→ **Stored data entries**
════════

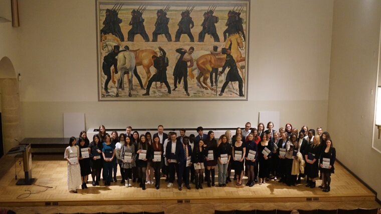 Gruppenbild in der Aula (im Foyer steht eine Fotowand für individuelle Aufnahmen bereit)
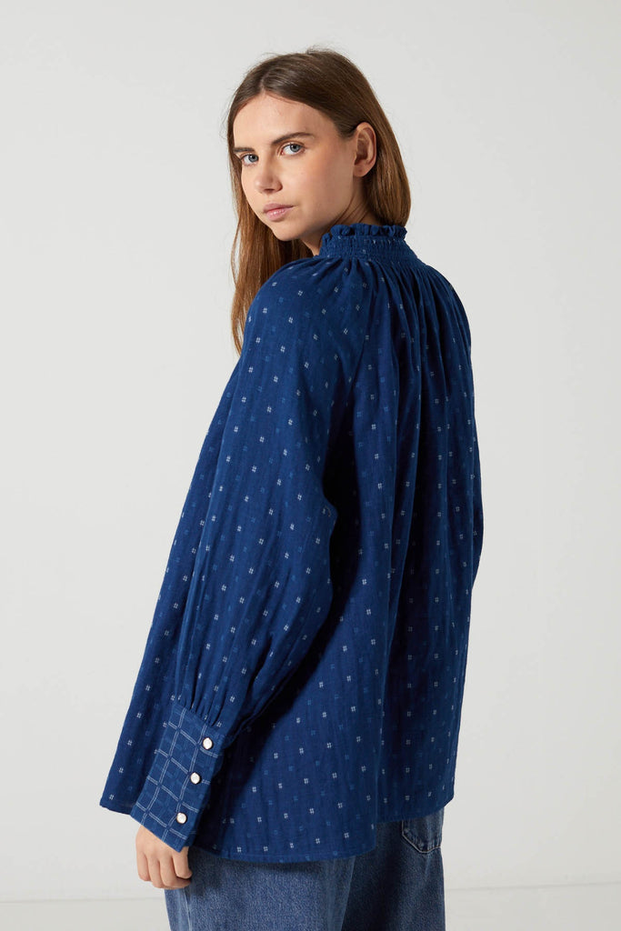 Its gathered collar with a smocked effect adds a touch of romantic femininity, while the intricate cuffs provide a subtle contrast.
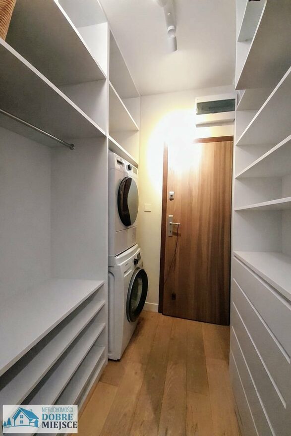 - funkcjonalna garderoba z dużą ilością miejsca do przechowywania rzeczy, wyposażona w pralkę i suszarkę bębnową.
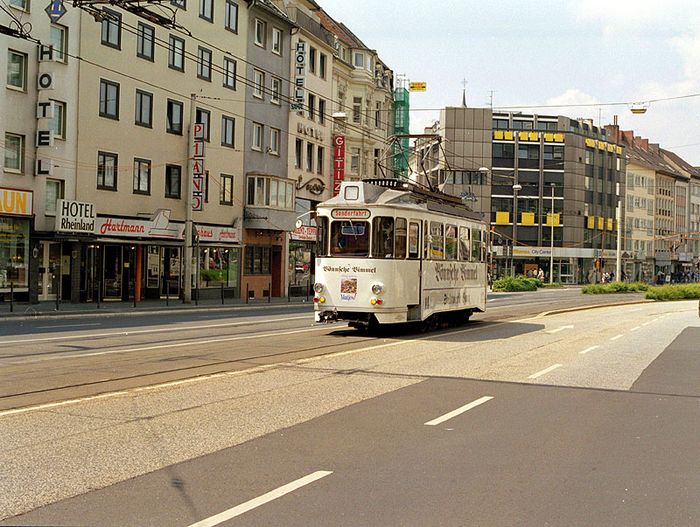 Wagen 14, die "Bönnsche Bimmel" der SWB unterwegs in Bonn am 03.06.1995.
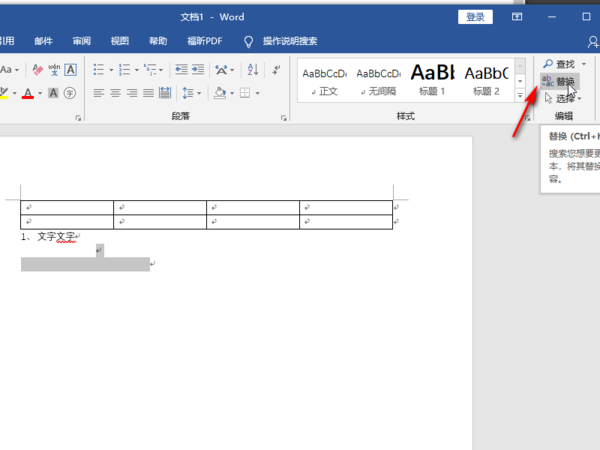3、选择我们想要删除的空白段内容,需要将换行符选中,也就是word中的硬回车,然后找到工具栏中的替换选项,点击。
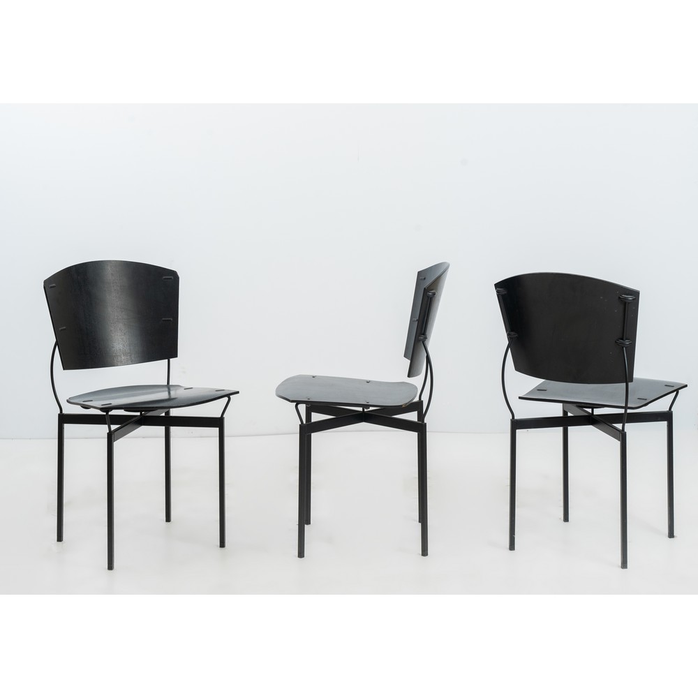 Tre sedie modello "Elasta" struttura in metallo verniciato nero, seduta e spalliera sagomate in compensato di legno verniciato nero, minuterie in abs nero. Marchio di produzione. Difetti.
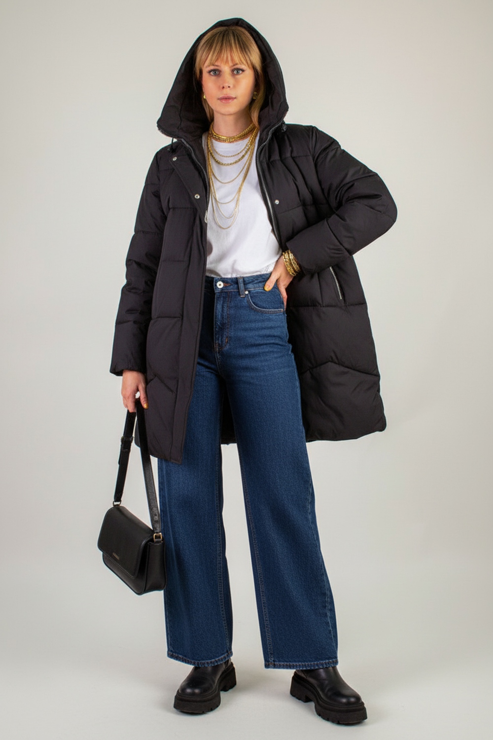 • Свитер крупной вязки или худи нейтрального оттенка под высоким воротником-стойкой.
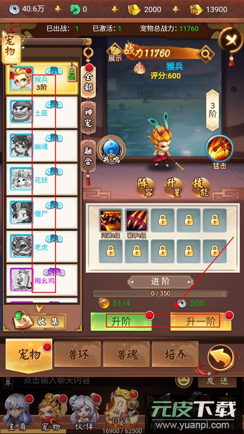 3、捕捉并激活各类灵动可爱的宠物,之后可对它们进行培养与突破;
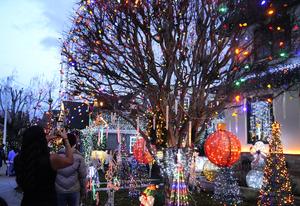 (251225) -- SAN FRANCISCO, 25 diciembre, 2025 (Xinhua) -- Imagen del 24 de diciembre de 2025 de personas observando decoraciones navideñas en Eucalyptus Avenue de San Carlos, en el Area de la Bahía de San Francisco de California, Estados Unidos. (Xinhua/Wu Xiaoling) (jg) (ah) (vf)
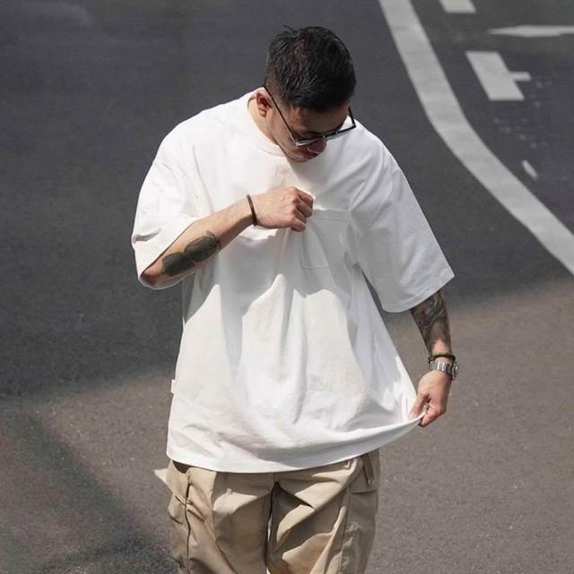 Muscle Shot純棉寬版上衣|台灣出貨 Oversized 男短袖 口袋T 棉T 復古 美式風 男上衣 寬鬆舒適 透氣 吸汗 短袖T恤
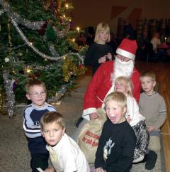 Julemanden kommer på besøg med godteposer til juletræsfesten.

════════

→ **Problem to work on**
The line containing "3、选择我们想要删除的空白段" and all lines after it, through the last line of the records, should be returned exactly. Omit the pictures.

→ **Task result**
3、选择我们想要删除的空白段内容,需要将换行符选中,也就是word中的硬回车,然后找到工具栏中的替换选项,点击。
 Tre sedie modello "Elasta" struttura in metallo verniciato nero, seduta e spalliera sagomate in compensato di legno verniciato nero, minuterie in abs nero. Marchio di produzione. Difetti.
 • Свитер крупной вязки или худи нейтрального оттенка под высоким воротником-стойкой.
 3、捕捉并激活各类灵动可爱的宠物,之后可对它们进行培养与突破;
 (251225) -- SAN FRANCISCO, 25 diciembre, 2025 (Xinhua) -- Imagen del 24 de diciembre de 2025 de personas observando decoraciones navideñas en Eucalyptus Avenue de San Carlos, en el Area de la Bahía de San Francisco de California, Estados Unidos. (Xinhua/Wu Xiaoling) (jg) (ah) (vf)
 Muscle Shot純棉寬版上衣|台灣出貨 Oversized 男短袖 口袋T 棉T 復古 美式風 男上衣 寬鬆舒適 透氣 吸汗 短袖T恤
 Julemanden kommer på besøg med godteposer til juletræsfesten.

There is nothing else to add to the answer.